Probably Henry would have enjoyed all these exhibitions more, had he not been under the shadow of suspicion. No formal charges had been made against him, and he was not exactly a prisoner. Neither was he free to leave the boat. He hoped that the captain would soon get to the bottom of the mystery. Henry did not feel free to say anything to the chief electrician about the matter, lest the latter think that he was seeking to influence him. So he stayed away from the radio shack. He was no longer a part of the wireless force, for the return of the chief electrician had taken his job from him.
But while Henry was disconsolately considering the matter, things were moving briskly in the wireless shack. Though he was now really sick, the chief electrician continued on duty. Alone on his watch, he was working patiently to uncover the difficulty with his grounded coil. Once more he had examined this coil thoroughly, yet he could see no external indications of impairment.

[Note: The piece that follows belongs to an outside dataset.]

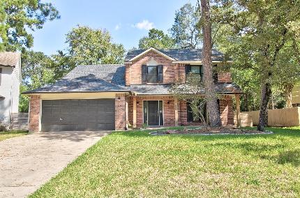 SHORT TERM OR LONG TERM RENTAL. Furnished or unfurnished - your choice. LEASE THIS BEAUTIFULLY UPDATED 4 Bedroom, 2.5 Bath in the heart of THE WOODLANDS. This home has a light, bright interior with fresh paint, luxury vinyl plank floors, neutral tile in bathrooms, & LED lighting. BEST OF ALL - NO CARPET HERE! Enjoy the modern kitchen with its white subway backsplash, stainless steel appliances & deep "farmhouse" sink - open to the family room. The spacious primary suite boasts high ceilings and a remodeled bathroom with frameless shower enclosure and garden bathtub. Multiple living spaces downstairs. All 4 bedrooms upstairs. Large back yard with plenty of room for sports, pets or entertaining. Prime location with easy access to shopping, dining, parks, schools and recreation. Walking Distance to Falconwing Park, bike trails & one of several public pools. ZONED FOR EXEMPLARY WOODLANDS SCHOOLS. LOW TAXES TOO!!! Comes with Refrigerator, Washer & Dryer. Available for immediate move-in.
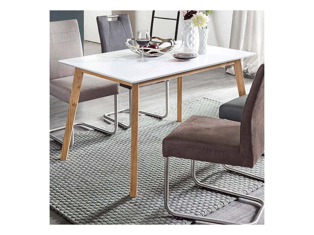 Küchentisch in Weiß Eiche massiv modern

Slowly he now unwound the covering cords that formed the outer casing for the wrapped wires within. There was still nothing visibly wrong. But when he had cleared the cords away, and had gotten to the coil itself, his sharp eye detected a shining little dot, hardly bigger than a large pinhead, among the wire wrappings. With the point of his knife-blade he picked at this shining point and found it was hard, like metal. He believed he had found the difficulty.
Getting a large wooden spool, he began to unwind the copper wire from the coil, rolling it up on the empty spool as he unrolled it from the coil. Swiftly he transferred the wire from one cylinder to the other. As his coil grew thinner he saw that he had found the difficulty. The bright dot was the head of a long, thin finishing nail. Presently it was sticking up a half inch above the winding of the coil. The chief electrician started to pull it out, then thought better of it and desisted. But even his first slight tug at the nail showed him it was pretty tight. He went on unwinding. But now he examined the wire carefully as it unrolled. In piercing the coil, the nail had cut the insulation of practically every wire it had touched. In one or two places it had even severed the wire wrapping itself. When at last the chief electrician unwrapped the last winding of the coil, the nail dropped to his desk. Its end was bent over at an angle, and the metal core was scratched where the nail had been bent sidewise. The whole thing was as plain as day now. Some one had driven the nail through the coil, finishing the job with one or two hard blows that had bent the point against the core of the coil, sinking the head far below the corded cover. The question was, who had done it.
As soon as he had made this discovery, Mr. Sharp carefully removed all traces of his work, locked the parts of the damaged coil in his private drawer, bundled himself up, and sought the captain. The nail he had in his pocket.